── RECORDED INFORMATION

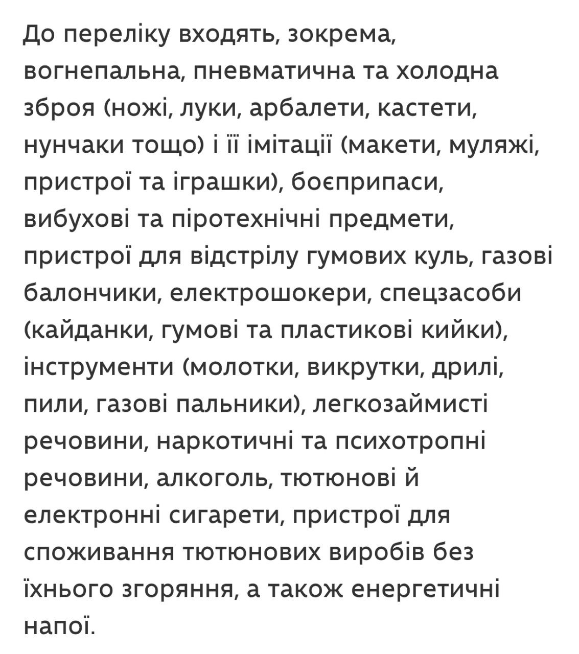 Также запрещены боеприпасы, взрывчатка и пиротехника, газовые баллончики, электрошокеры, спецсредства вроде наручников и дубинок, инструменты, легковоспламеняющиеся вещества, наркотические и психотропные вещества, алкоголь, обычные и электронные сигареты, устройства для нагревания табака и энергетические напитки.
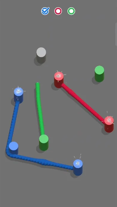 Drag and connect the rope from one pin to the other of the same color. If you pass over a different color rope, it may electrify & spoil your rope! Be careful and finish the level without cutting any ropes on your way!
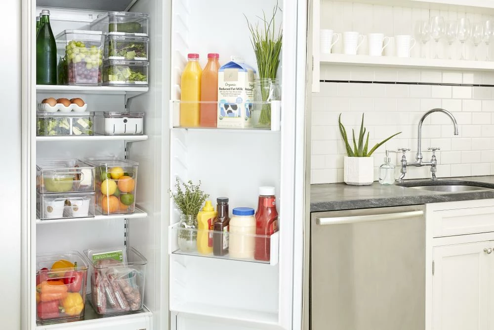 - Wide, longer-length design creates instant organization in the refrigerator, freezer, or pantry for fruit, vegetables, bottles, cans, boxes, pouches, snack bags, and more
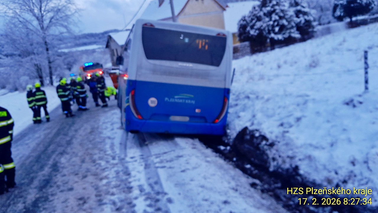 Autobus převážející skupinu dětí sjel na silnici II/171 u obce Strašín ze silnice do příkopu, kde zůstal ležet na boku. Hasiči museli cestující dostávat z vozidla okýnkem u řidiče.
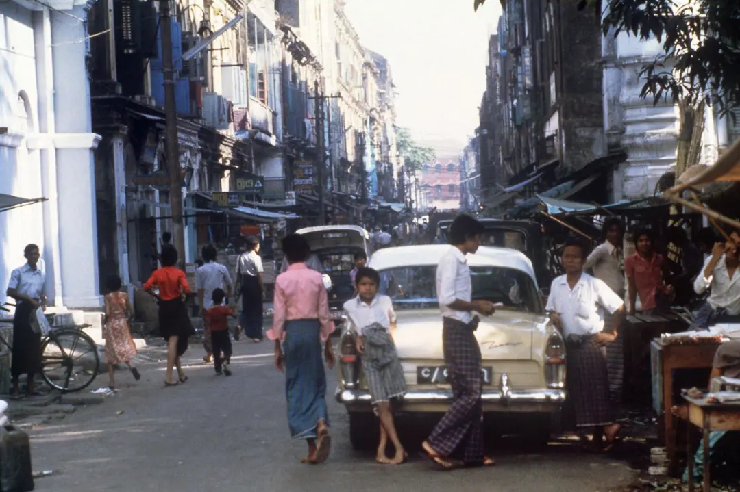 ◆1983年,仰光街頭熙熙攘攘的人羣。
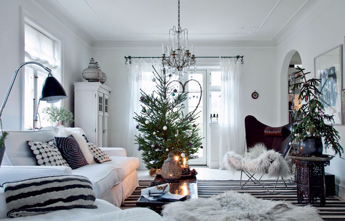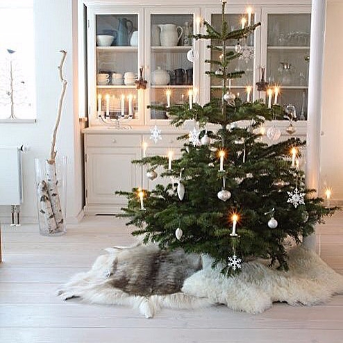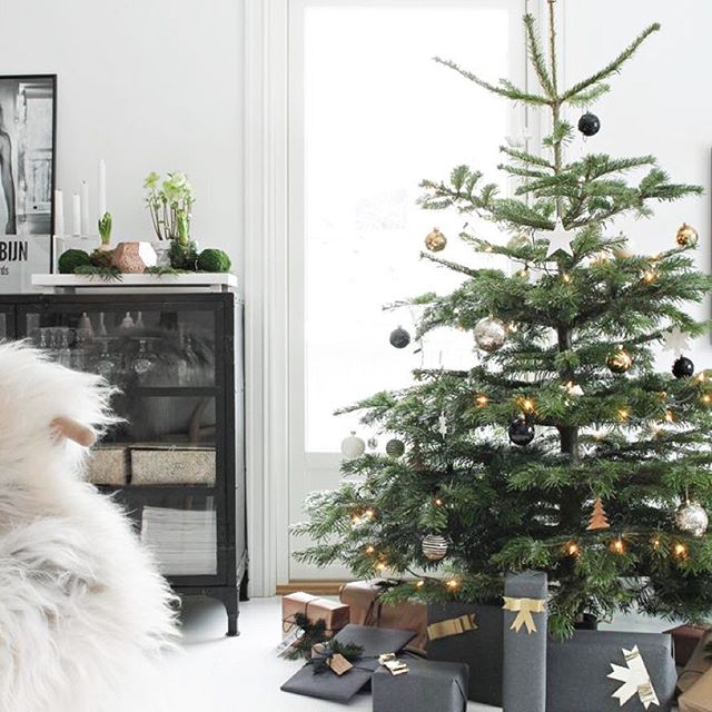 В первую очередь, лаконичные, с минимумом декора, или декором в одном цвете - золотом, сером, белом? красном...Елочка сама выступает украшением, и особо не нуждается в дополнительном обрамлении. Нам, славянам, не понятна такая сдержанность. У нас принято наряжать елочку в разноцветные игрушки и огоньки.
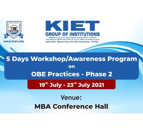 KIET Has Organized 5 Days Workshop/Awareness Program on OBE Practices (Phase-2) On 19 To 23 Jul 2021
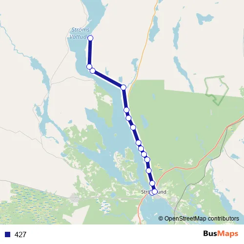 The first stop of the 427 bus route is Strömsund busstation and the last stop is Näxås vägskäl. 427 is operational during on weekdays.
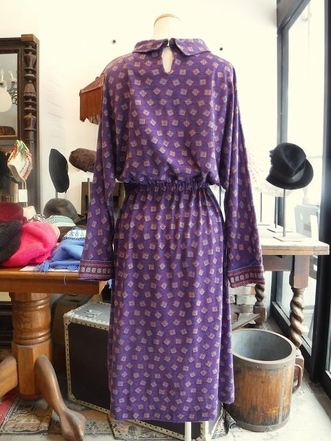 ヨーロッパ古着 dark purple red blue ◇graphic dolman sleeve dress
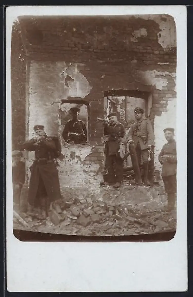 Foto-AK Labiau, Deutsche Soldaten in einem zerstörten Gebäude 1914
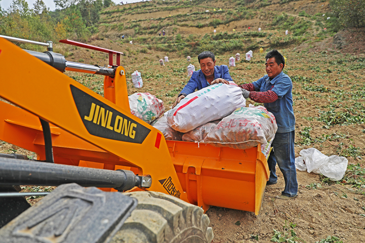 在郁山鎮(zhèn)鐘鼓村紅薯種植基地,土地宜機化整治后,村民用鏟車到紅薯基地轉(zhuǎn)運紅薯,減少人力成本。
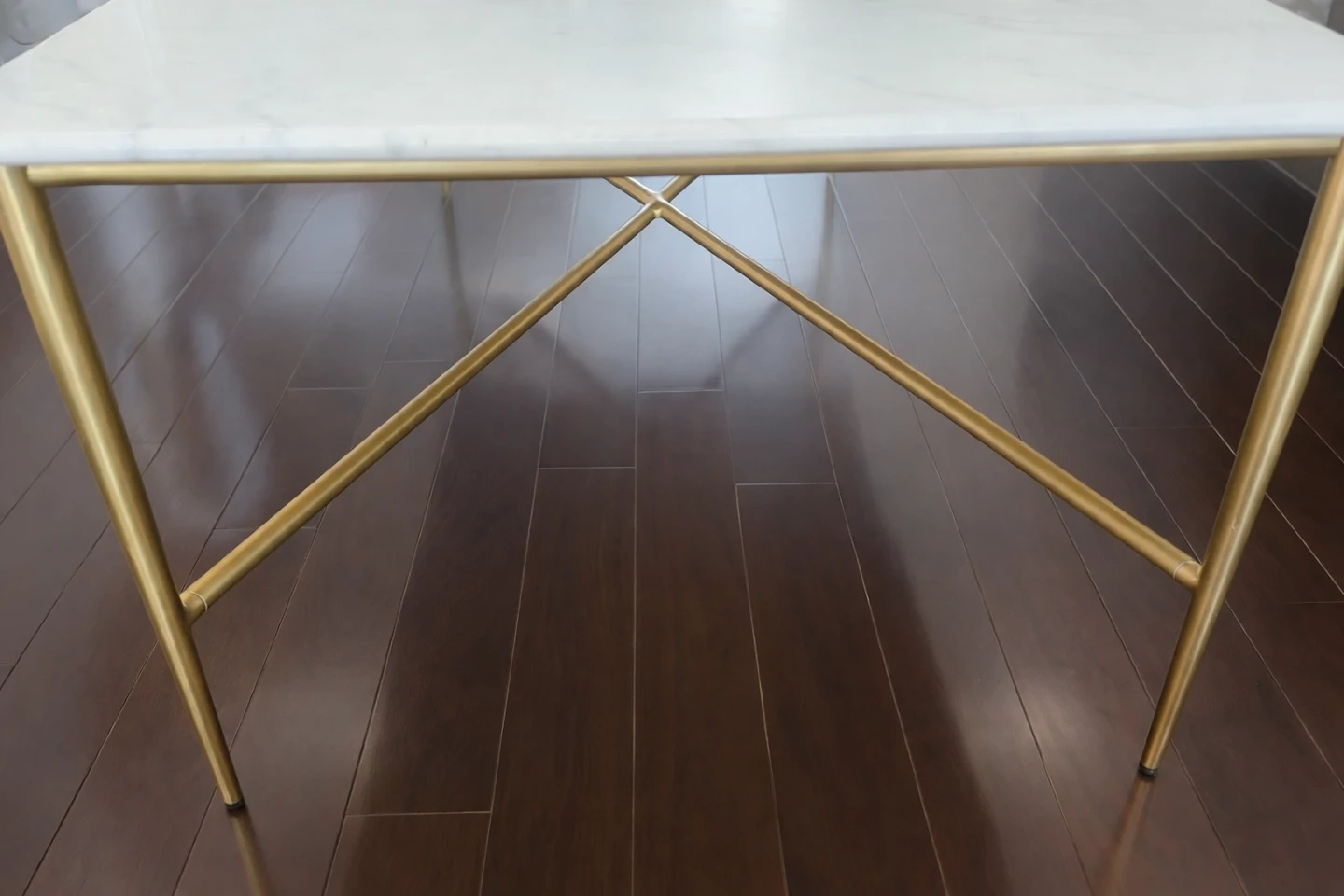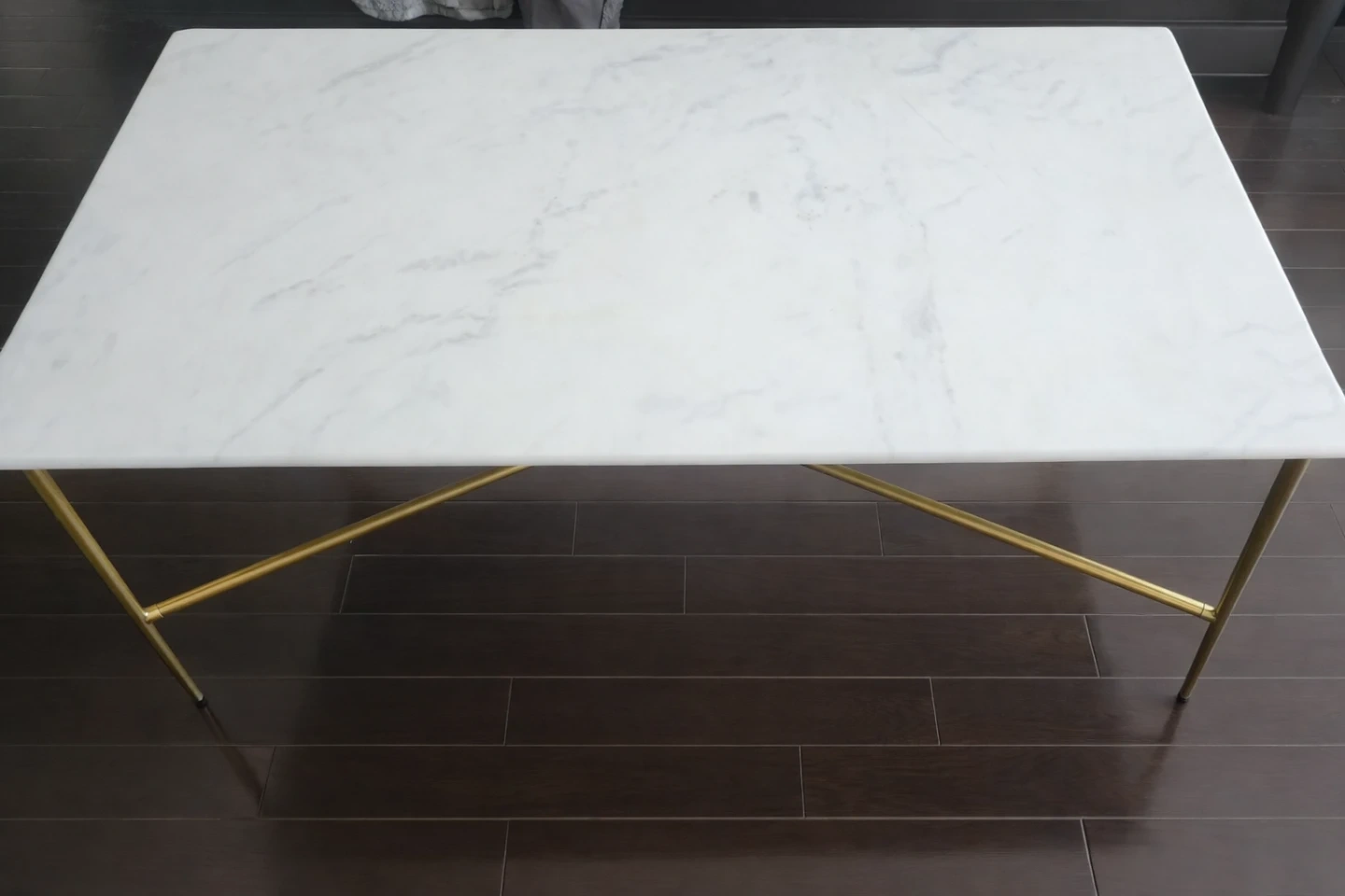Stylish coffee table from West Elm with a white marble top and a modern gold metal base. Made in India. It's perfect for adding a touch of elegance to your living room. The table's dimensions are 48 inches long, 24.5 inches wide, and 16 inches tall. Great for placing drinks, books, or decorative items.

────

PROBLEM STATEMENT: Exactly as they appear, repeat the lines from the one containing "ヨーロッパ古着 dark purple" through the last line of the entries, counting both ends. Pictures stay out.

COMPLETED EXERCISE:
 ヨーロッパ古着 dark purple red blue ◇graphic dolman sleeve dress
 Foto-AK Labiau, Deutsche Soldaten in einem zerstörten Gebäude 1914
 在郁山鎮(zhèn)鐘鼓村紅薯種植基地,土地宜機化整治后,村民用鏟車到紅薯基地轉(zhuǎn)運紅薯,減少人力成本。
Stylish coffee table from West Elm with a white marble top and a modern gold metal base. Made in India. It's perfect for adding a touch of elegance to your living room. The table's dimensions are 48 inches long, 24.5 inches wide, and 16 inches tall. Great for placing drinks, books, or decorative items.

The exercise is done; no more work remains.